宣言されていたとおり、殿下はエゼルスタ王国との友好関係は維持したいという願いを込めて、私やミリムの故郷であるエゼルスタで人気の曲を演奏することとなりました。
私はアイリーン殿下にピアノを教えた身ですから、出席します。
ただ、残念ながらミリムが出席することは許されませんでした。
アイリーン殿下は構わないと仰って下さったのですが、当然のことながら彼女は私とアルフレート殿下の結婚式を延期させた原因ですから。許される道理はないのです。
「アルフレート様、アイリーン様の誕生日パーティーで渡して頂けませんか? わたくし、お金も何も所持していませんので、アルビニアの言葉で詩を書いてみましたの。アイリーン様のお誕生日をお祝いする詩ですわ」
「そうか。妹も喜ぶだろう。渡しておく」
ミリムの変化に一番驚いたのはアルフレート殿下かもしれません。
人が変わったかのように落ち着いて、他人を思いやるようになりましたから。
それに彼女は素直に物事を覚えようと熱心に勉強するので、知識面での成長も著しいのです。

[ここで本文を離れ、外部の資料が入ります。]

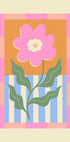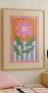 Speelse roze bloemenposter is een charmante en vrolijke bloemenillustratie met een retro-geïnspireerd design. Het toont een grote lichtroze bloem met zachte bloemblaadjes en groene bladeren, tegen een warmoranje achtergrond met blauwe en witte strepen, omlijst door een roze geblokte rand. De compositie straalt optimisme en speelsheid uit, waardoor hij perfect past in moderne, eclectische of vintage-geïnspireerde interieurs. Ideaal voor het opfleuren van keukens, slaapkamers of creatieve ruimtes, het voegt een vleugje kleur en vreugde toe aan elke fotomuur.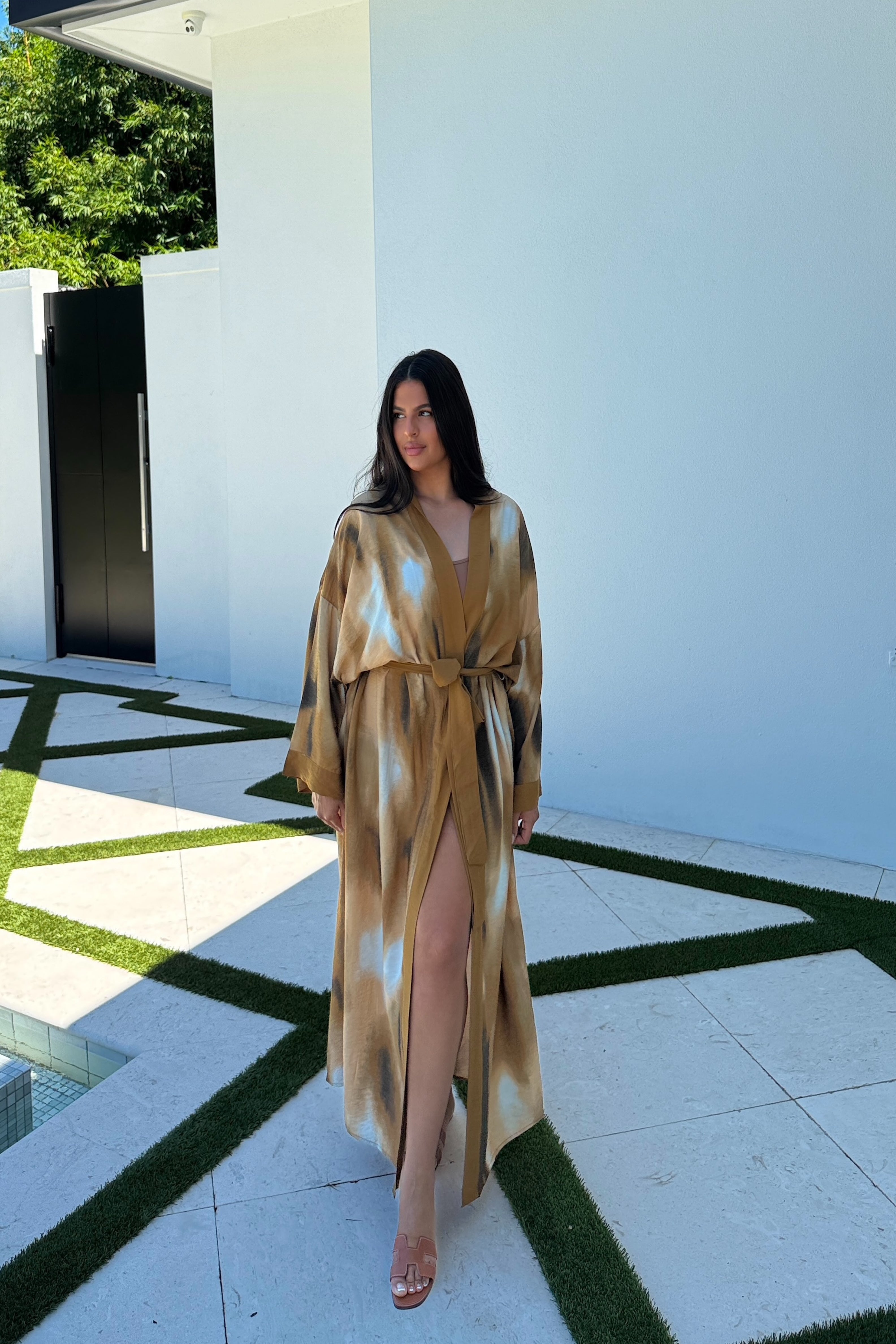 Laissez-vous emporter par l'envie de voyager avec le Duster Oasis du Désert Marron, une couche maxi luxueuse qui allie confort et sophistication. Confectionné dans un tissu léger froissé, il présente un imprimé inspiré de l'aquarelle aux tons terreux. Conçu avec une ceinture assortie à la taille pour une silhouette définie, un large col châle et des manches cloche bordées d'olive uni pour un contraste saisissant. Doublure simple. Sans élasticité.

「業が深いな。アーゼル夫妻は……。よく考えたら、君の妹なのだ。出来が悪いはずがない」
「教育しないだけでなく、我慢することすら教えずに好き勝手させていましたから。私が気付いた時には手遅れで、何を言っても聞かなくなりました」
もはや縁を切ってしまいましたが、父と母はミリムに対する教育どころか簡単な躾すらしていませんでした。
欲しがるものを何でも面倒くさがって与えていたので、彼女は泣けば何でも手に入ると勘違いしていた節があります。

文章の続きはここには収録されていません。